4、ReplicaDeletionStarted：副本开始删除时被置为的状态，有效前置状态是 OfflineReplica；

5、ReplicaDeletionSuccessful：如果部分在删除时没有错误信息，它将被置为这个状态。表示该副本的数据已经从Broker清除了，有效前置状态是 ReplicaDeletionStarted；

6、ReplicaDeletionIneligible：如果副本删除失败，会转移到这个状态。表示非法删除，也就是删除不成功，有效前置状态是 ReplicaDeletionStarted；

7、NonExistentReplica：如果副本删除成功，将被转移到这个状态。有效前置状态是：ReplicaDeletionSuccessful。

ReplicaStateMachine初始化

副本状态机启动入口如下：

// Controller重新选举后触发
def startup() {
  // 初始化ZK上所有的副本状态信息（副本存活设置为Online，不存活的设置为ReplicaDeletionIneligible）
  initializeReplicaState()
  val (onlineReplicas, offlineReplicas) = controllerContext.onlineAndOfflineReplicas
  // 将存活的副本转化为OnlineReplica
  handleStateChanges(onlineReplicas.toSeq, OnlineReplica)
  // 将不存活的副本转化为OfflineReplica
  handleStateChanges(offlineReplicas.toSeq, OfflineReplica)  
}

上面的启动方法，首先会从ZK中恢复所有副本的状态。然后调用handleStateChanges()，将存活的副本转化为OnlineReplica状态。下面我们先看一下从ZK中恢复所有分区副本的状态：

/**
 * 初始化所有分区副本的状态
 */
private def initializeReplicaState() {
	// 循环所有分区
  controllerContext.allPartitions.foreach { partition =>
    val replicas = controllerContext.partitionReplicaAssignment(partition)
    replicas.foreach { replicaId =>
      val partitionAndReplica = PartitionAndReplica(partition, replicaId)
      // 如果副本存活，将状态设置为OnlineReplica
      if (controllerContext.isReplicaOnline(replicaId, partition)) {
        controllerContext.putReplicaState(partitionAndReplica, OnlineReplica)
      } else {
        // 不存活的副本设置为ReplicaDeletionIneligible，
        controllerContext.putReplicaState(partitionAndReplica, ReplicaDeletionIneligible)
      }
    }
  }
}

后面紧跟着的就是处理副本状态处理，分别对OnlineReplica和OfflineReplica做上线和线下处理。

/**
  * 副本状态机变化处理方法, 对多个副本的状态改变, 以批量请求的方式发送给多个Broker
  */
override def handleStateChanges(replicas: Seq[PartitionAndReplica], targetState: ReplicaState): Unit = {
  if (replicas.nonEmpty) {
    try {
      controllerBrokerRequestBatch.newBatch()
      // 处理状态请求
      replicas.groupBy(_.replica).foreach { case (replicaId, replicas) =>
        doHandleStateChanges(replicaId, replicas, targetState)
      }
      // 向Broker发送响应请求
      controllerBrokerRequestBatch.sendRequestsToBrokers(controllerContext.epoch)
    } catch {
      case e: ControllerMovedException =>
        error(s"Controller moved to another broker when moving some replicas to $targetState state", e)
        throw e
      case e: Throwable => error(s"Error while moving some replicas to $targetState state", e)
    }
  }
}

副本状态转换

状态转换为 NewReplica

case NewReplica =>
    validReplicas.foreach { replica =>
      val partition = replica.topicPartition
      val currentState = controllerContext.replicaState(replica)

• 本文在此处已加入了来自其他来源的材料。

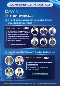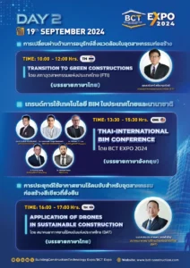 Building Construction Technology Expo (BCT EXPO) งานแสดงสินค้าเจรจาธุรกิจอุตสาหกรรมอาคารและการก่อสร้าง นำเสนอทุกด้านในอุตสาหกรรมอาคารและการก่อสร้างแบบครบวงจรรวบรวมบริษัทด้านเครื่องจักร อุปกรณ์ เครื่องมือ การบริหารจัดการอาคารอัจฉริยะ เทคโนโลยีแบบจำลองสารสนเทศอาคาร (BIM) ปัญญาประดิษฐ์และหุ่นยนต์ (AI & Robotics) โดรน รวมไปถึงโซลูชันและการบริการที่ครอบคลุมทุกแง่มุมของอุตสาหกรรมอาคารและการก่อสร้างทุกประเภท พร้อมพบกับผู้ประกอบการในอุตสาหกรรมกว่า 150 บริษัท และเชื่อมต่อกับผู้ซื้อและผู้เชี่ยวชาญในอุตสาหกรรมกว่า 4,000 ราย จัดขึ้นระหว่างวันที่ วันที่ 18-20 กันยายน 2024 ณ อาคาร 12 ศูนย์แสดงสินค้าและการประชุม อิมแพ็ค เมืองทองธานี

      controllerContext.partitionLeadershipInfo.get(partition) match {
        /** 从ZK获取分区的 leaderAndIsr 信息 */
        case Some(leaderIsrAndControllerEpoch) =>
          if (leaderIsrAndControllerEpoch.leaderAndIsr.leader == replicaId) {
            /** NewReplica 状态的副本不能作为分区Leader */
            val exception = new StateChangeFailedException(s"Replica $replicaId for partition $partition cannot be moved to NewReplica state as it is being requested to become leader")
            logFailedStateChange(replica, currentState, OfflineReplica, exception)
          } else {
            /** 向replicaId的副本发送 LeaderAndIsr请求，并同时向所有Broker发送UpdateMetadata请求 */
            controllerBrokerRequestBatch.addLeaderAndIsrRequestForBrokers(Seq(replicaId),
              replica.topicPartition,
              leaderIsrAndControllerEpoch,
              controllerContext.partitionReplicaAssignment(replica.topicPartition),
              isNew = true)
            logSuccessfulTransition(replicaId, partition, currentState, NewReplica)
            /** 修改ControllerContext中的副本状态 */
            controllerContext.putReplicaState(replica, NewReplica)
          }
        case None =>
          /** 如副本没有LeaderAndIsr信息，则等待分区Leader选举完成 */
          logSuccessfulTransition(replicaId, partition, currentState, NewReplica)
          controllerContext.putReplicaState(replica, NewReplica)
      }
    }

简述一下上面的流程如下：

1、校验副本的前置状态，只有处于 NonExistentReplica 状态的副本才能转移到 NewReplica 状态；

2、从ZK中获取该分区的 LeaderIsrAndControllerEpoch 信息；

3、如果获取不到上述信息，直接将该副本的状态设置为 NewReplica，然后结束流程（新建分区时，副本可能处于这个状态，该分区的所有副本是没有 LeaderAndIsr 信息的）；

4、获取到分区的 LeaderIsrAndControllerEpoch 信息，如果发现该分区的 leader 是当前副本，那么就抛出 StateChangeFailedException 异常，因为处在这个状态的副本是不能被选举为 leader 的；

5、获取到了分区的 LeaderIsrAndControllerEpoch 信息，并且分区的 leader 不是当前副本，那么向该分区的所有副本添加一个 LeaderAndIsr 请求（添加 LeaderAndIsr 请求时，同时也会向所有的 Broker 都添加一个 UpdateMetadata 请求）；

6、最后将该副本的状态转移成 NewReplica，然后结束流程。

状态转换为 OnlineReplica

OnlineReplica是副本正常工作时的状态，此时的副本既可以是 leader 也可以是 follower，转换到这种状态的处理实现如下：

case OnlineReplica =>
    validReplicas.foreach { replica =>
      val partition = replica.topicPartition
      val currentState = controllerContext.replicaState(replica)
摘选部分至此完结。